Before joining the Columbia Law School faculty in 2010, Commissioner Jackson served as a senior policy advisor at the U.S. Department of Treasury, working with Kenneth Feinberg, the Special Master for TARP Executive Compensation. In this role, he oversaw the development of policies designed to give shareholders a say on pay, improve the disclosure of executive bonuses, and encourage TARP recipients to more closely tie pay to performance. Earlier in his career, Commissioner Jackson practiced law in the executive compensation department of Wachtell, Lipton, Rosen & Katz.
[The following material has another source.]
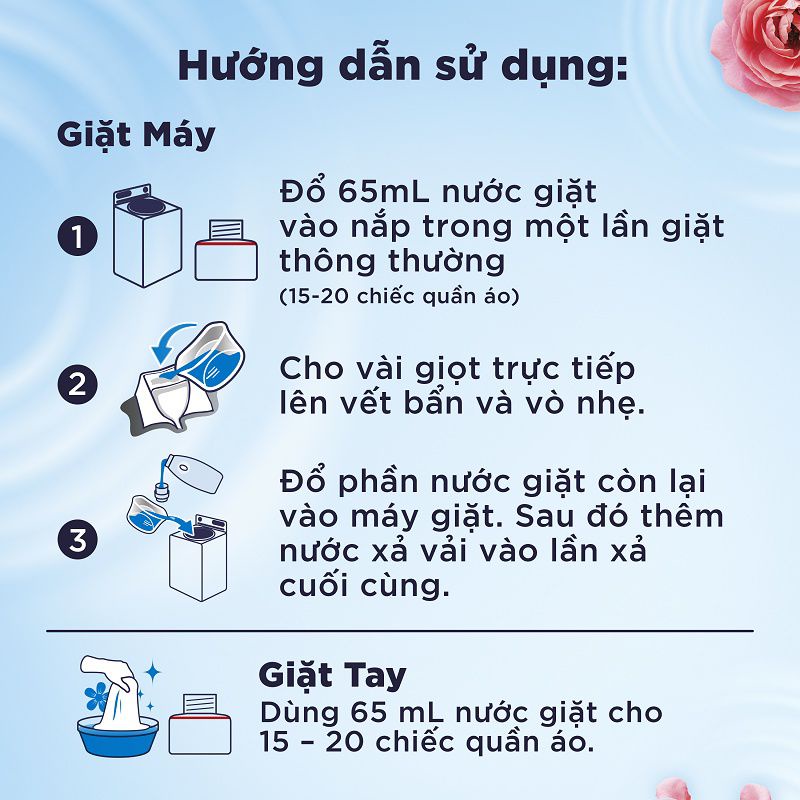 MỚI! DOWNY nay đã có NƯỚC GIẶT! Đặc điểm nổi bật: - Nước giặt Hương nước hoa với Hương thơm bền lâu nổi tiếng của Downy cho Hương thơm tươi mát bạn có thể thấy rõ trong khi giặt, sau khi phơi, và theo từng cử động (+thêm nước xả vải Downy để có trải nghiệm hương thơm xuất chúng và làm mềm mại vải) - Công nghệ làm sạch sinh học BioClean Nước giặt Downy có khả năng làm sạch với công nghệ giặt sinh học BioClean, tấn công các vết bẩn thấm sâu trong từng lớp vải Nước giặt DOWNY là sự lựa chọn hoàn hảo cho bạn. - Nước giặt DOWNY để lại Hương thơm dễ chịu và bền - Nước giặt DOWNY làm sạch vết bẩn vượt trội - Công thức bọt tối ưu phù hợp sử dụng cho máy giặt, bao gồm cả cửa trên và cửa trước. Hướng dẫn sử dụng: Đổ Nước giặt DOWNY vào nắp với liều lượng theo hướng dẫn. Với vết bẩn cứng đầu, thoa một lượng nhỏ Nước giặt DOWNY trực tiếp lên vết và vò nhẹ. Đổ phần Nước giặt DOWNY còn lại trong nắp vào máy giặt cùng quần áo. Sau đó thêm nước xả vải vào lần xả cuối cùng. Giặt máy: 65mL cho 1 lần giặt thông thường (15-20 chiếc quần áo). Đối với lượng quần áo nhiều hơn hoặc bẩn hơn, nên tăng liều lượng nước giặt tương ứng thành 1.5 nắp. Giặt tay: 15mL cho 4-6 chiếc quần áo. 65mL cho 15-20 chiếc quần áo. LƯU Ý: ĐỂ XA TẦM TAY TRẺ EM! Không được nuốt. Nếu nuốt phải sản phẩm, hãy gọi tham vấn bác sĩ. Tránh để dính vào mắt. Nếu dính vào mắt, hãy rửa kỷ HSD: 3 năm kể từ ngày sản xuất in trên bao bì

Commissioner Jackson holds two bachelor’s degrees from the University of Pennsylvania, an MBA in Finance from the Wharton School of Business, a master’s degree from Harvard’s Kennedy School of Government, and a law degree from Harvard Law School. He was born in the Bronx, New York, and is a lifelong Yankees fan.


Marc Treviño is the head of Sullivan & Cromwell’s corporate governance practice and the managing partner of its executive compensation group.  He joined the Firm in 1993 after graduating from Yale Law School (J.D., 1993) and summa cum laude from Princeton University (A.B., 1990).

Mr. Treviño is a recognized leader in structuring and counseling senior executives and boards in significant matters involving reputation, overlapping regulatory regimes, fiduciary conflicts and multiple jurisdictions, with a particular emphasis on matters involving financial institutions.  Mr. Treviño teaches Corporate Crisis Management at the Yale Law School and is a co-author of The Public Company Deskbook (The Practising Law Institute), which has been hailed as “the bible for securities lawyers” by Fortune.

Mr. Treviño also lectures and writes extensively, and is often quoted with respect to corporate governance and compensation matters, including for the American Bar Association, Bank Directors Magazine, The Corporate Counsel, The Corporate Governance Advisor, Society of Corporate Secretaries and Governance Professionals and Wall Street Journal.  He is also on the Advisory Board for the Harvard Law School Program on Corporate Governance.